* ACTIVITY
Span requested from the data below: the line with "De acordo com" through the line with "モータースポーツコンセプトの", both included. Give only these lines again, exactly, and leave every picture out.

Start of DATA FOR REVIEW

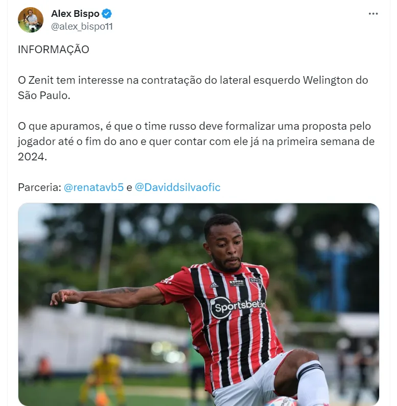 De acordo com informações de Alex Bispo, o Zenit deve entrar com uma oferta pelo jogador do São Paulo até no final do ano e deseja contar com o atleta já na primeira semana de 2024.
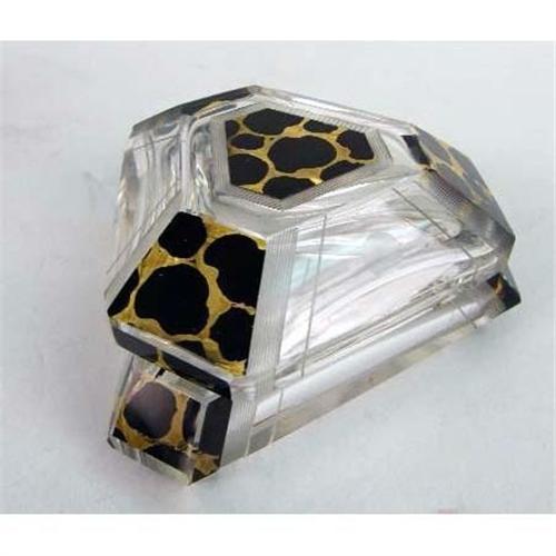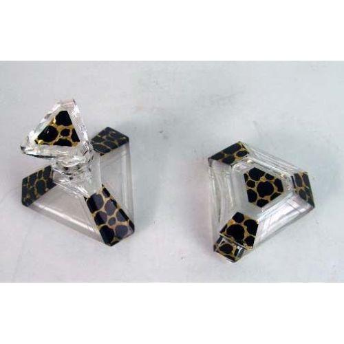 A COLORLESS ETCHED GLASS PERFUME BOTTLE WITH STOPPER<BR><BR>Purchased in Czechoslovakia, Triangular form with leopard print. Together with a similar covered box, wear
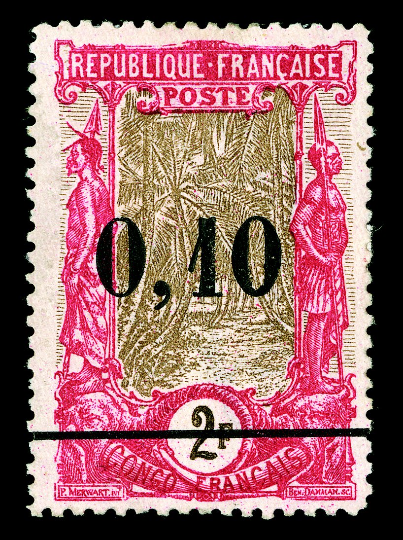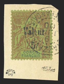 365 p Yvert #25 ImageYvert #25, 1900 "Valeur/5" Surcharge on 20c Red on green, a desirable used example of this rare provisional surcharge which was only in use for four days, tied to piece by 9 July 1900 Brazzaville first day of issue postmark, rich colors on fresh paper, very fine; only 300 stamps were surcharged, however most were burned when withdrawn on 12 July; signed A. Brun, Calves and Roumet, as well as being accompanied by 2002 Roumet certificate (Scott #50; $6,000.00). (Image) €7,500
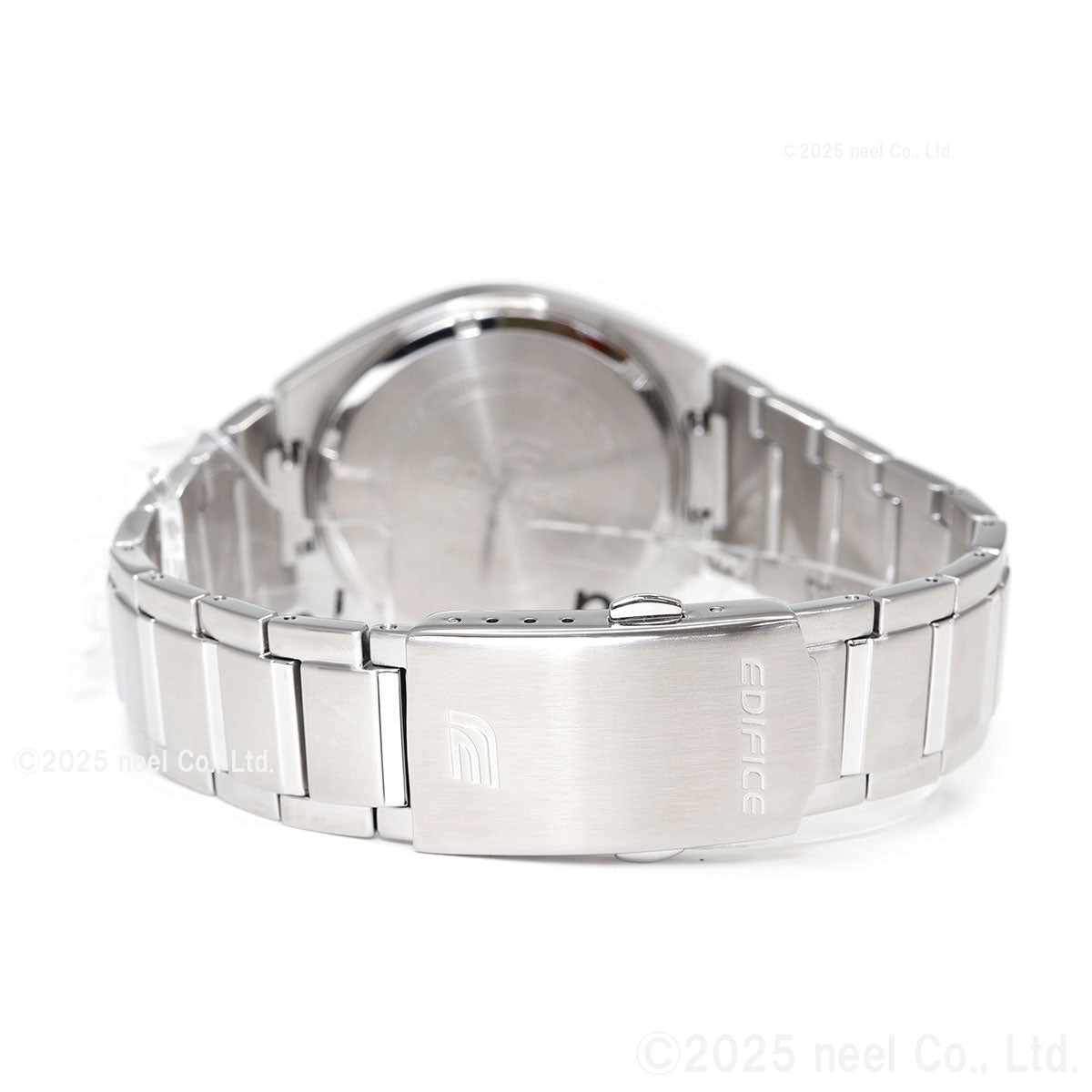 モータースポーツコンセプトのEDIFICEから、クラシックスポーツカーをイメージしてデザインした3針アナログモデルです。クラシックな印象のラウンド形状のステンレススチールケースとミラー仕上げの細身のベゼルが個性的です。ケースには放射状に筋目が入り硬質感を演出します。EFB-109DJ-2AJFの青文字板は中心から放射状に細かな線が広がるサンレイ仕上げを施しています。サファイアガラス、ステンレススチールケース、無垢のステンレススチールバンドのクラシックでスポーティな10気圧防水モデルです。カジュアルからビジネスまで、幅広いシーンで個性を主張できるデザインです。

End of DATA FOR REVIEW
Start of DATA FOR REVIEW

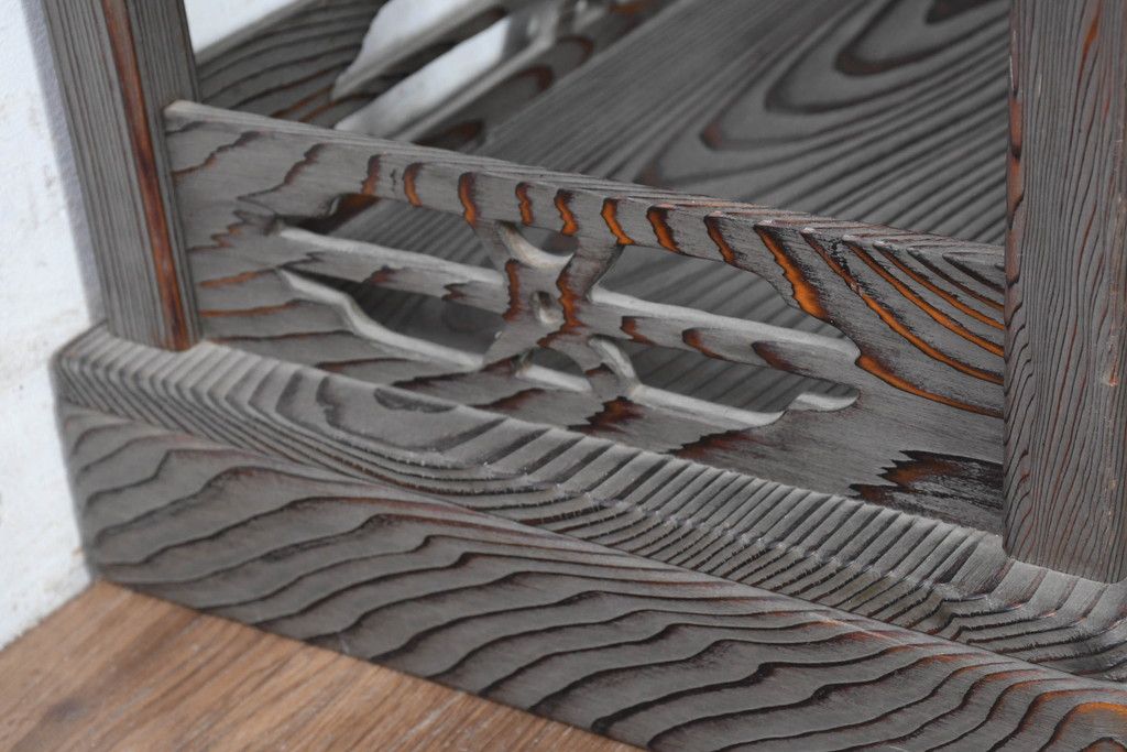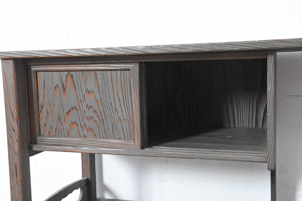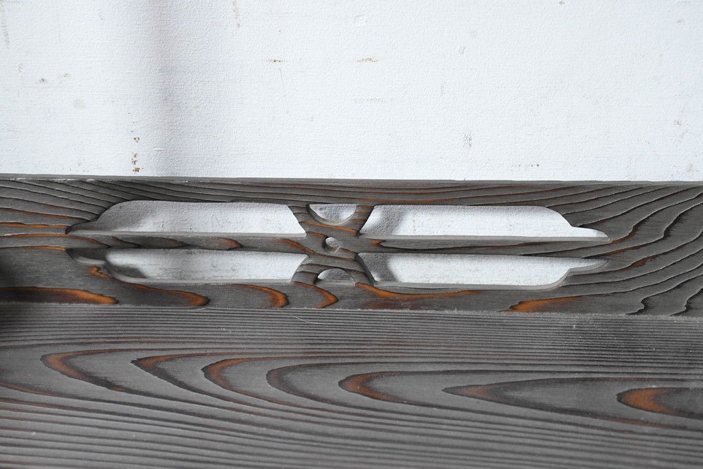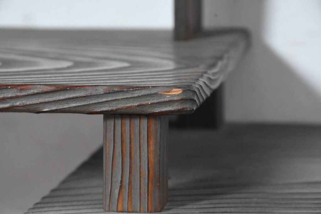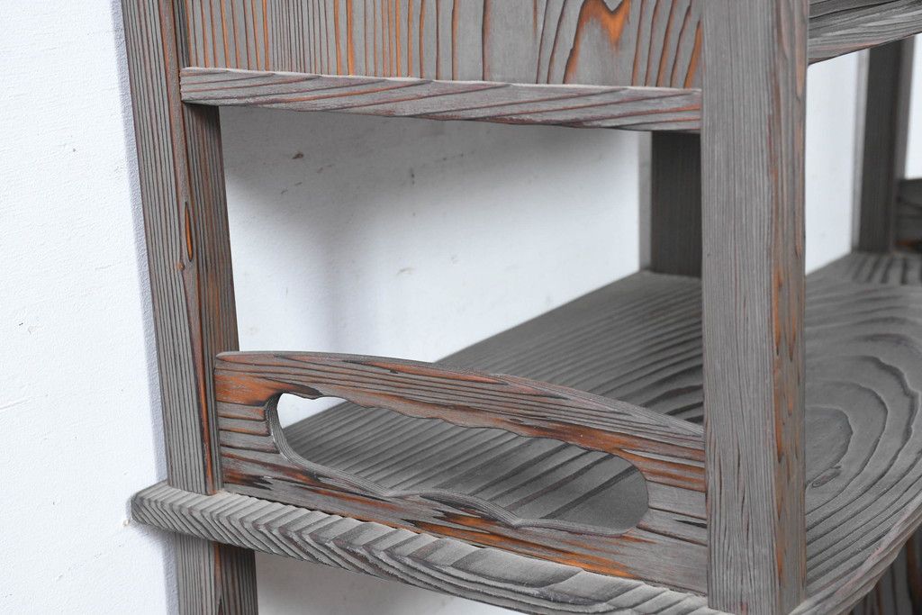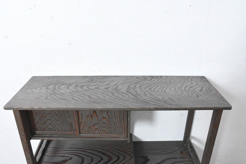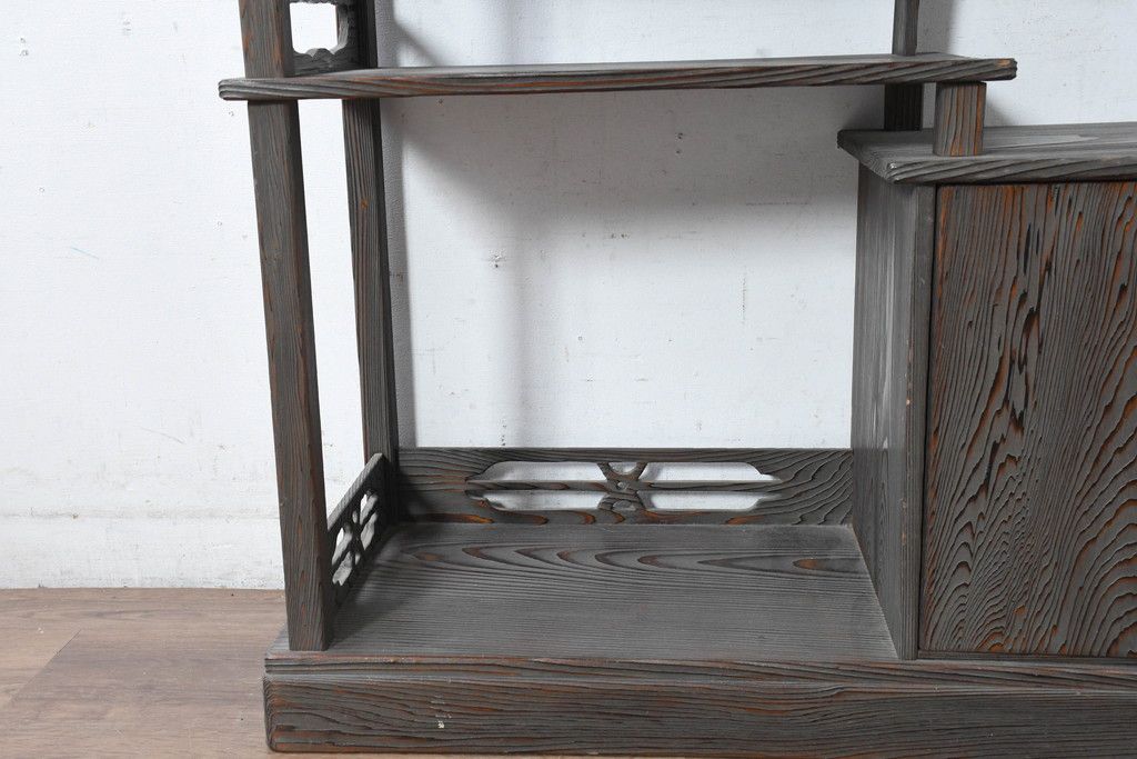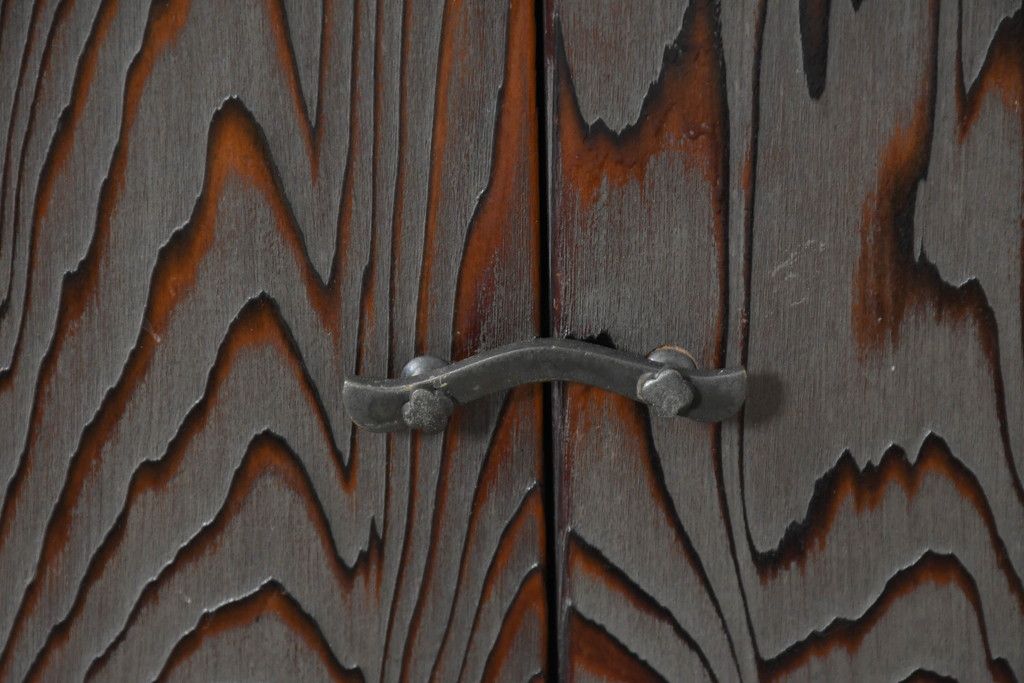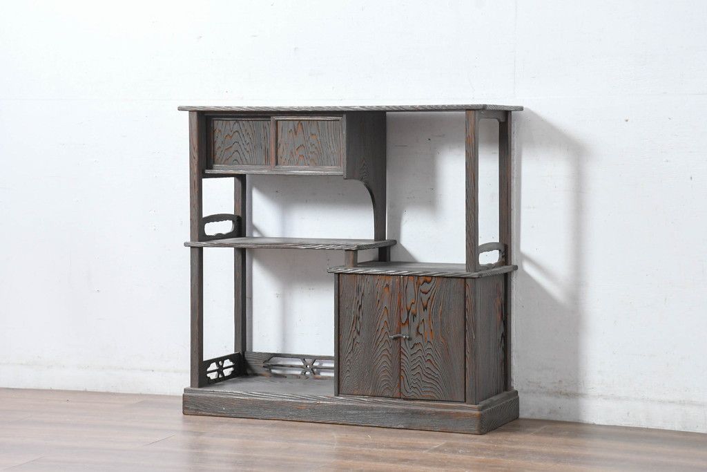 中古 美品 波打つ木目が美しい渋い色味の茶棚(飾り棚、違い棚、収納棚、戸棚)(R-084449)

End of DATA FOR REVIEW

* ANSWER TO THE PROBLEM
 De acordo com informações de Alex Bispo, o Zenit deve entrar com uma oferta pelo jogador do São Paulo até no final do ano e deseja contar com o atleta já na primeira semana de 2024.
 A COLORLESS ETCHED GLASS PERFUME BOTTLE WITH STOPPER<BR><BR>Purchased in Czechoslovakia, Triangular form with leopard print. Together with a similar covered box, wear
 365 p Yvert #25 ImageYvert #25, 1900 "Valeur/5" Surcharge on 20c Red on green, a desirable used example of this rare provisional surcharge which was only in use for four days, tied to piece by 9 July 1900 Brazzaville first day of issue postmark, rich colors on fresh paper, very fine; only 300 stamps were surcharged, however most were burned when withdrawn on 12 July; signed A. Brun, Calves and Roumet, as well as being accompanied by 2002 Roumet certificate (Scott #50; $6,000.00). (Image) €7,500
 モータースポーツコンセプトのEDIFICEから、クラシックスポーツカーをイメージしてデザインした3針アナログモデルです。クラシックな印象のラウンド形状のステンレススチールケースとミラー仕上げの細身のベゼルが個性的です。ケースには放射状に筋目が入り硬質感を演出します。EFB-109DJ-2AJFの青文字板は中心から放射状に細かな線が広がるサンレイ仕上げを施しています。サファイアガラス、ステンレススチールケース、無垢のステンレススチールバンドのクラシックでスポーティな10気圧防水モデルです。カジュアルからビジネスまで、幅広いシーンで個性を主張できるデザインです。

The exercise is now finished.